デビュー後の彼についてはよく知らないので、ここではデビュー前のことを同級生視点で綴ってみたいと思います。
学校では写真やビデオ(VHS)、8mmフィルム、パフォーマンス、造形、アニメーションなどの授業を幅広く受けていましたが、自分の映像作品に音を付けることになったとき、私には音楽的素養がなかったので、母が遊んでいたCASIOのSK-1を実家から持ち出し、サンプリング機能を使って試行錯誤しながら音楽(的なもの)を作っていました。
手元にある弦楽器や民族楽器などを「ポロロン」と鳴らし、音をサンプリングすれば、キーを押さえているあいだ5秒くらいループします。1つのループが途切れる前に次のループをつなげていき、2つ3つキーを同時に押さえるとテンポの違うループの重なりがズレて音がぶつかった時に自然とリズムがうまれるので、そこにシンプルなメロディを乗せるというやり方で4年間制作していました。

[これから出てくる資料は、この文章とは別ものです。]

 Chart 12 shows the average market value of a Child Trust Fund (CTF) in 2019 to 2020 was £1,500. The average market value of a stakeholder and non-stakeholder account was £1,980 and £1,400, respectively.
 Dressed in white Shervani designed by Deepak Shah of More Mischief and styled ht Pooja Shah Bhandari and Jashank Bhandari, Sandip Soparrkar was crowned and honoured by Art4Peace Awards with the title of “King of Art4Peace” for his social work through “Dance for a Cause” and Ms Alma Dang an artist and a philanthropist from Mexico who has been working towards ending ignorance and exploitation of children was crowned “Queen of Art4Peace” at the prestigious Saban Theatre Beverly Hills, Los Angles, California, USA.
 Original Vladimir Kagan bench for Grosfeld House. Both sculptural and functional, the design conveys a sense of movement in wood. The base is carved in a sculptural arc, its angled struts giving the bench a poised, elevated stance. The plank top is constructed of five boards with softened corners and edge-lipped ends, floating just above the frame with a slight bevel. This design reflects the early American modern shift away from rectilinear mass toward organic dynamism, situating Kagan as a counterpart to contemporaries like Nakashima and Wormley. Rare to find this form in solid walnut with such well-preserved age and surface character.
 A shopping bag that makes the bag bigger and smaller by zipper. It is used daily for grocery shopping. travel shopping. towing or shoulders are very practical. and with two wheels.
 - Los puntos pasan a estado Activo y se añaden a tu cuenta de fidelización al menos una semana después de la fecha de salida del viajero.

私の音作りを横で見ていたハラカミくんが「すげぇ……」と言ったのは修了制作(4年目)の時でした。もっと早く言ってほしかったぜ。
(在学3年目にはEZ-Visionを使って打ち込みに移行してましたので、もしかしたら褒め言葉じゃなく「4年間これで通したのすげぇ」の可能性もあるな、といま思ったところです)
広い世界 と せまい世界
当時、ハラカミくんが他の映像作品のために作った曲をカセットテープにダビングして手売りしたものが、1年ほど前に「広い世界 と せまい世界」としてringsからリイシューされましたのでYouTubeやSpotifyなどでも聴くことが出来ます。(嬉しいね!)

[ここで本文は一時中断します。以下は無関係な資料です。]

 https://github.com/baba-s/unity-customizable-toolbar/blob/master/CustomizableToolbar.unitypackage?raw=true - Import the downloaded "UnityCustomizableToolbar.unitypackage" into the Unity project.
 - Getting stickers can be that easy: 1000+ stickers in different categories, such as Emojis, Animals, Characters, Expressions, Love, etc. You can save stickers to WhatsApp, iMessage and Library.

rei harakami / 広い世界 と せまい世界 デビュー前に4トラック・カセットMTR等で宅録して発表された、幻のカセットテープ音源『広い世界』と『せまい世界』が、リマスタリングされ貴重なアーカイヴ音源として改めて世に放たれる!! http://www.ringstokyo.com/rei-harakami-hiroisekaisemaisekai
リズムの錯覚
話がズレましたが、先日の「おんがくこうろん」でゾンビ解説員の「リズムの錯覚」という言葉を聞いて思い出したことをここまで書いてみました。
以前ポリリズムの解説動画をみたときは、音楽制作について素人なので曲のフワッとした部分が解明されてることに只々感心するばかりでしたが、今回の「おんがくこうろん」の解説によって、今まで感覚的に理解していたことを言語化することができました。
レイ・ハラカミはリズムの錯覚を意図的に作っていたんですね。
逆に、スピードの違うループを重ねる直感的なやり方でアナログ時代のハラカミサウンドが再現できるかもしれません。
あと未公開トークで星野さんの「EZ Visionが音をチョップするのに向いてなかったからかも…」という核心をついた言葉も衝撃でした。(笑)
そして「若くして亡くなったこともありシリアスに語ってしまいがちですが、ご本人の面白さをもっと前面に出して広く彼の音楽を届けていきたい。」というお話と「ワームホール」のお話がとても心に残っています。
機会があればアルバム「広い世界」についても書いてみたいと思います。
最後まで読んでくださりありがとうございました。